Morgan Stanley Chief Executive Officer James Gorman said his personal investments include municipal bonds and a biotech fund, while he favors global equities for his children’s accounts.
Gorman, who owns about $31 million of his firm’s stock, has a Morgan Stanley private wealth adviser, he said at an event sponsored by the Economic Club of Washington, D.C. He was interviewed by Carlyle Group LP co-CEO David Rubenstein, who asked Gorman if he had enough private equity in his portfolio.
While Gorman, 55, said he believes the U.S. currently offers the best risk-return trade-off, he invests in global equities for his two children because the “rest of the world will bounce back” in the long term. He described his personal investing strategy as “very modest and very unspectacular.”
“We’re pretty boring, partly because of the job I’m in, and partly because I think in life and in business, it behooves you to take catastrophic risk off the table,” said Gorman, whose New York-based company owns the world’s biggest brokerage. “We invest in municipal bonds, to ensure we have catastrophic risk off the table and have a cash flow if, God forbid, the world falls apart.”
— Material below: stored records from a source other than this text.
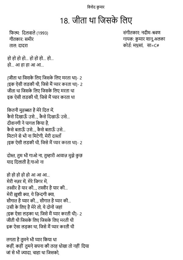 जन जन के दिल पसंद मशहूर गायक कुमार शानू के गाये 51 गीतों के स्वर और उनकी ताल सहित आसान स्वरलिपि इस पुस्तक में प्रस्तुत है. इसमें गीतों का प्रील्यूड और इंटरलूड भी यथा संभव दिया गया है. गीत के साथ बजने वाली एक कोर्ड का उल्लेख भी किया गया है. संगीत की प्रारंभिक जानकारी रखने वाला व्यक्ति आसानी से इन गीतों को अपने वाढ्य पर बजा सकता है और उनका आनंद ले है|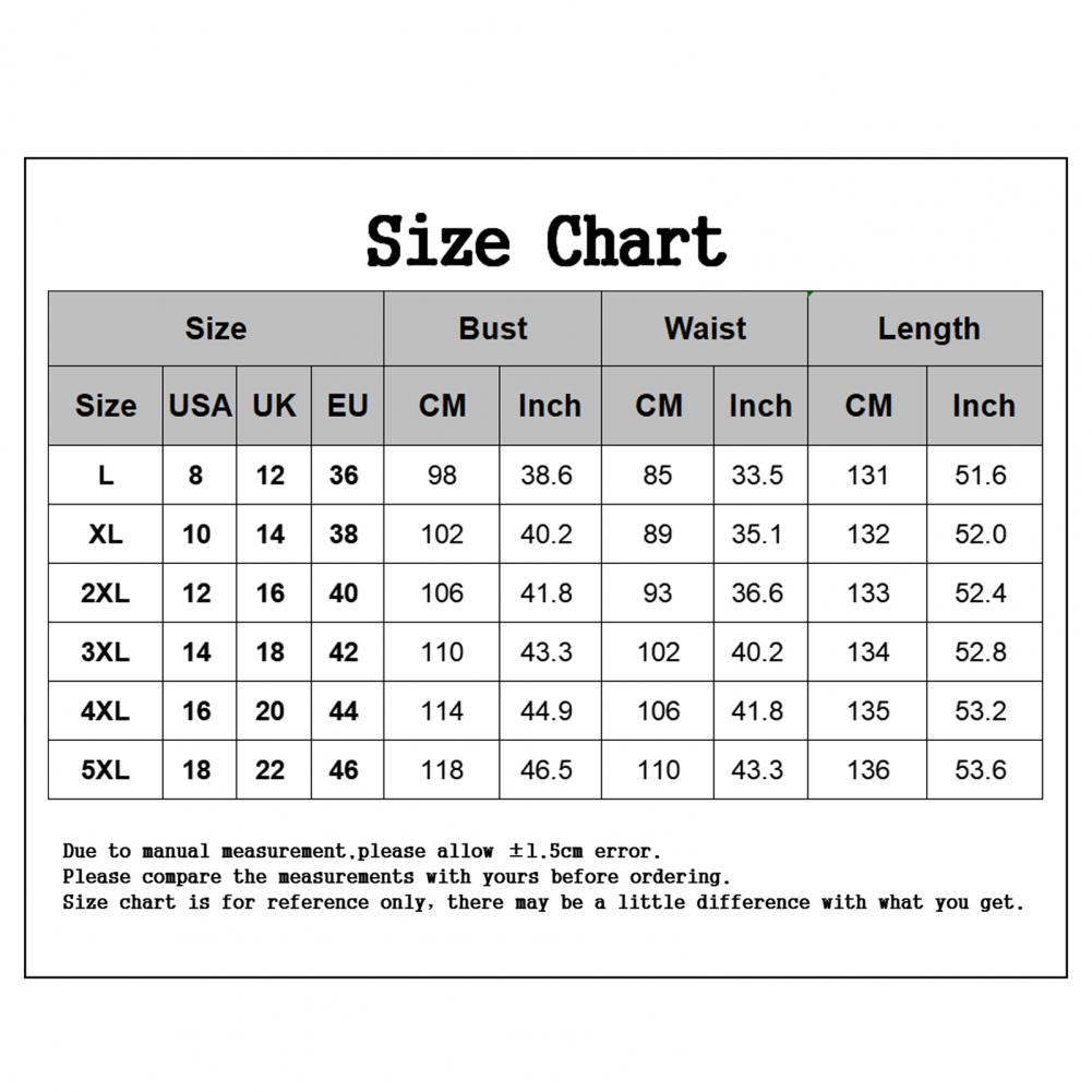 [Наш Размер XL] Обхват груди: 102 см/40,2 ", обхват талии: 89 см/35", Длина: 132 см/52 "(прибл.)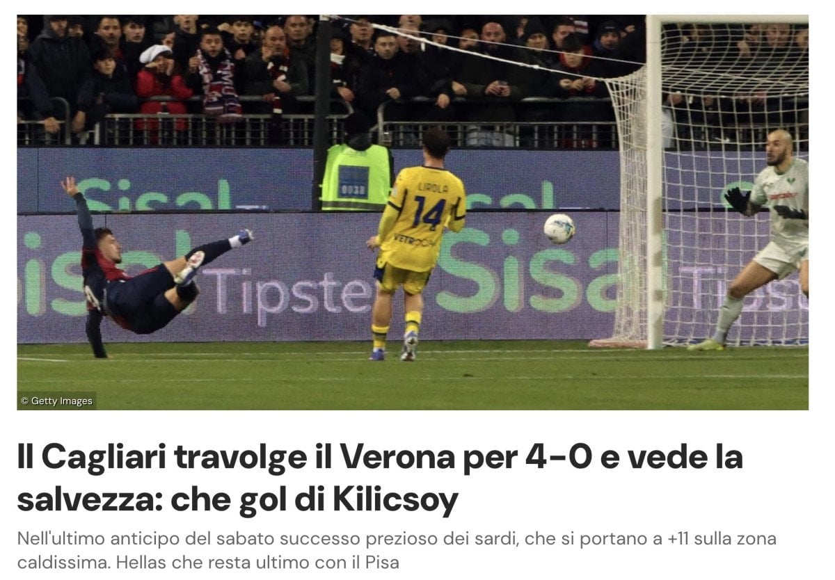 - Cagliari, Serie A'da Verona'yı 4-0 mağlup etti ve Semih Kılıçsoy'un röveşata golü İtalyan basınında büyük ses getirdi.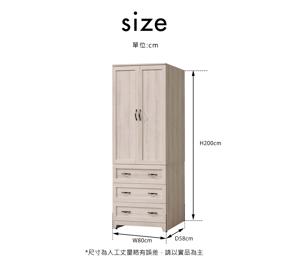 尺寸: 寬80x深58x高200cm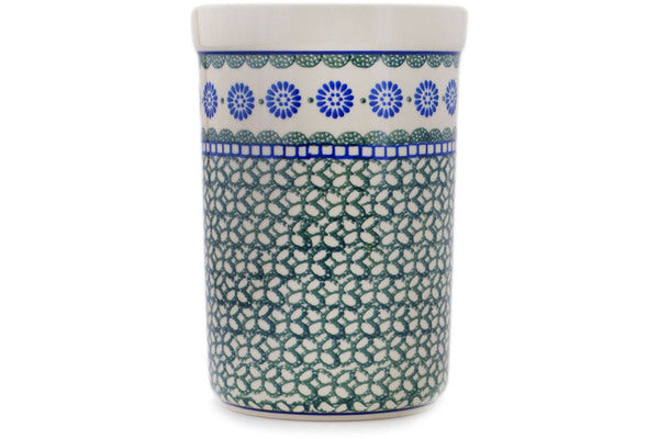 This Maia 8" Utensil Jar was handmade and hand decorated in Boleslawiec, Poland by skilled artisans according to old traditional methods. This Polish stoneware is microwave, dishwasher, freezer, and oven safe up to 480°F. It does not contain lead or cadmium. It is part of the Maia Collection.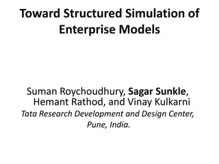 The document discusses the integration of enterprise architecture (EA) models with system dynamics (SD) models to better understand the dynamic behavior of enterprises. It outlines the key components of both modeling approaches, the need for a specialized SD metamodel, and the challenges involved in transforming EA models into SD models for simulation purposes. The authors emphasize the potential for context-based transformations but acknowledge limitations in validating larger models and the absence of immediate simulation semantics.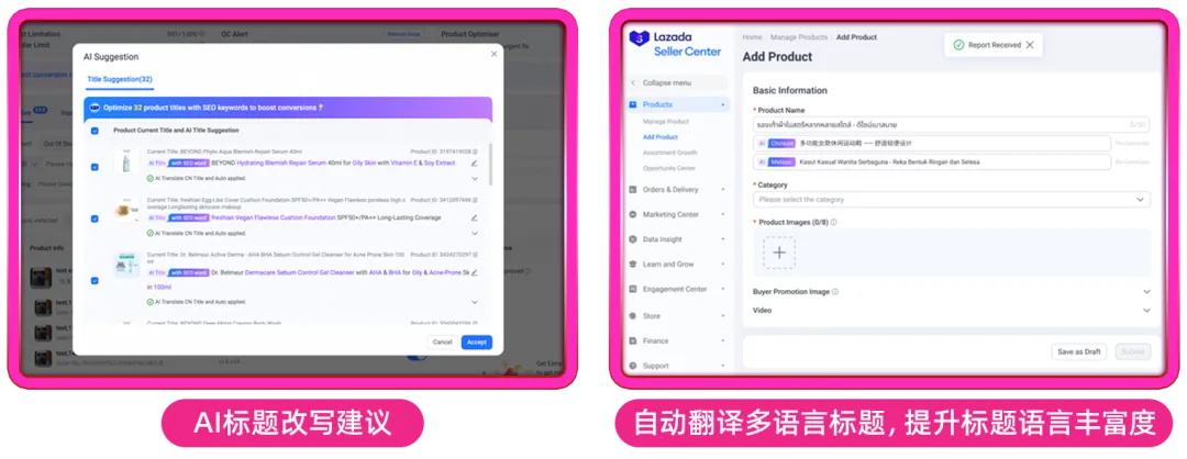 标题是商品曝光的第一入口。Lazada的本地化标题优化功能结合C端搜索词+AIGC,能为您的商品生成更符合当地消费者搜索习惯的标题。

He didn’t identify his Morgan Stanley private wealth adviser or the manager of the “very small” biotech fund, who he said has “done a phenomenal job.”
Gorman’s Morgan Stanley holding comes from bonuses, as well as 100,000 shares he bought in August 2011 as a sign of confidence in the firm as its stock plunged amid concern the U.S. recovery was weakening and the European sovereign-debt crisis would spread. The value of his stake climbed almost $10 million this year as the bank’s shares surged 52 percent.